═════ DATA SECTION ═════

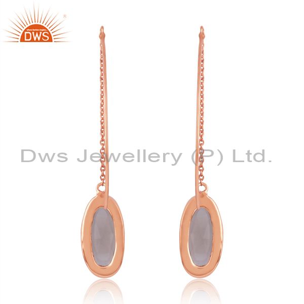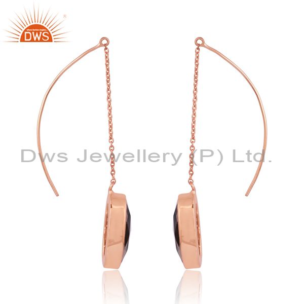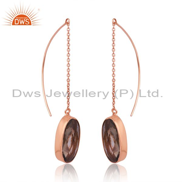 Long Drop Women Brass Stud In Smoky Oval Sterling Silver
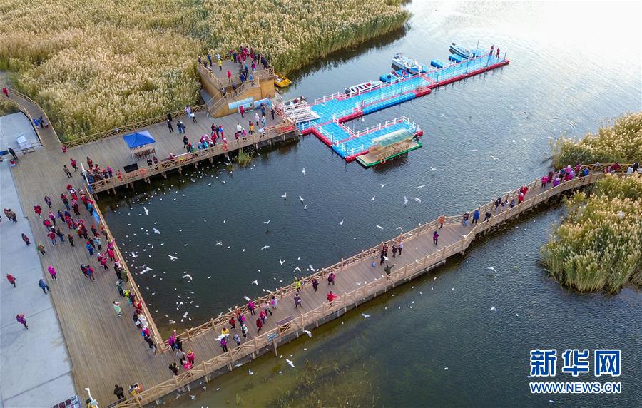 這是10月17日無人機(jī)拍攝的居延海碼頭。 新華社記者 彭源 攝
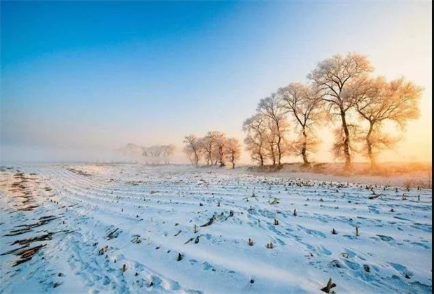 一排排的樹木在陽光的映襯下,發(fā)出金色的光芒,可惜太陽一出來,這美景便也不復(fù)存在了。

═════

▸ **WHAT THIS TASK INVOLVES**
Lines before the one containing "這是10月17日無人機(jī)拍攝的居延海碼頭。 新華社記者 彭源 攝" are not wanted; write out that line and every later line through the end of the data above, exactly, without pictures.

▸ **TASK OUTPUT**
 這是10月17日無人機(jī)拍攝的居延海碼頭。 新華社記者 彭源 攝
 一排排的樹木在陽光的映襯下,發(fā)出金色的光芒,可惜太陽一出來,這美景便也不復(fù)存在了。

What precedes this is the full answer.